Recent competitive record
- Current All-Ireland status:: QF in 2026
- Last championship title:: None
- Current NFL Division:: 1 (8th in 2026; relegated to Division 2)
- Last league title:: 1984–85
| First colours | Second colours |

= Monaghan county football team =

Gaelic football team

The Monaghan county football team (/ˈmɒnəhən/ MON-ə-hən) represents Monaghan in men's Gaelic football and is governed by Monaghan GAA, the county board of the Gaelic Athletic Association. The team competes in the three major annual inter-county competitions; the All-Ireland Senior Football Championship, the Ulster Senior Football Championship and the National Football League.

Monaghan's home ground is St Tiernach's Park, Clones.

The team last won the Ulster Senior Championship in 2015 and the National League in 1985. The team has not yet won a senior All-Ireland competition.

==History==

===Early years===
Football was recorded in Inniskeen in 1706 in a poem. Monaghan were prominent in Ulster championship competitions during the period 1914-30, and one of the first Ulster counties to contest an All-Ireland final.

===1930–1978===
Monaghan beat Kildare in a semi-final to reach the 1930 All-Ireland Senior Football Championship Final, where Kerry beat them by 3–11 to 0-2 without their goalkeeper touching the ball.

===1979–1988===
Seán McCague managed the team from the late 1970s. He managed his county team to the 1979 Ulster Senior Football Championship (SFC) title and then led it to two further Ulster SFC titles, as well as the National Football League title. The 1979 title win was Monaghan's first for 41 years.

In 1979, the Monaghan team won the Ulster Senior Football Championship for the first time in 41 years with a defeat of Donegal. In the final Monaghan Kieran Finlay scored 1–9, which was a record in an Ulster final for 20 years, until Armagh forward Oisín McConville bettered it with a 2–7 tally against Down in 1999. They also won the Dr McKenna Cup in 1979. That year, in the Ceannarus Tournament, they also beat Roscommon and Dublin. In the All-Ireland Senior Football Championship 1979 semi-final at Croke Park, Monaghan were again beaten by Kerry, 5–14 to 0–7.

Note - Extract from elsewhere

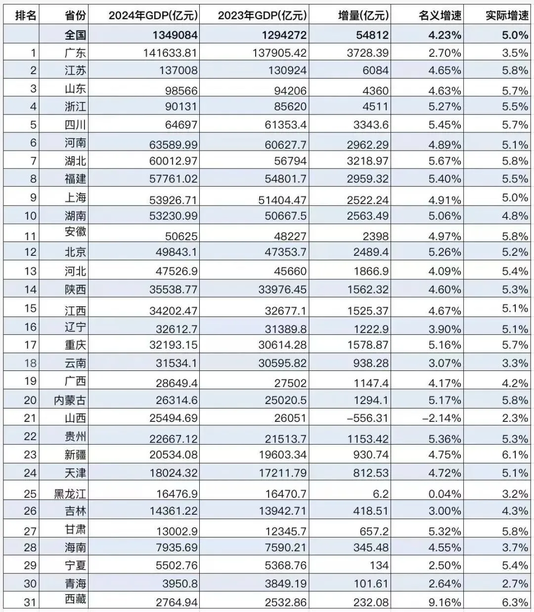 比较地方经济的发展速度,按现价计算的名义GDP增速,比按不变价计算的实际GDP增速更有参考价值。目前,全国31个省份(不含港澳台)均已公布2024年GDP数据,各省份的GDP名义增速排名如何?

In 1984, Monaghan reached the Centenary Cup final following wins over Limerick, Mayo, Offaly (quarter final) and Derry (semi-final after extra time) The Offaly and Derry games were played in Croke Park as was the final against Meath which Monaghan lost by 0–10 to 0–8. Monaghan also won Division 3 of the National Football League that year and lost to Meath in the quarterfinal.

1985 was the county's most successful year to date. A National Football League final victory against Armagh in 1985 created a momentum that peaked in 1985 when future Monaghan manager Eamonn McEneaney kicked an equalizing point from 48 metres out near the sideline beside the Hogan Stand to draw the All-Ireland semi-final against Kerry on a scoreline of Monaghan 2–9 to Kerry's 1-12. Kerry won the replay on a 2–9 to 0–10 score.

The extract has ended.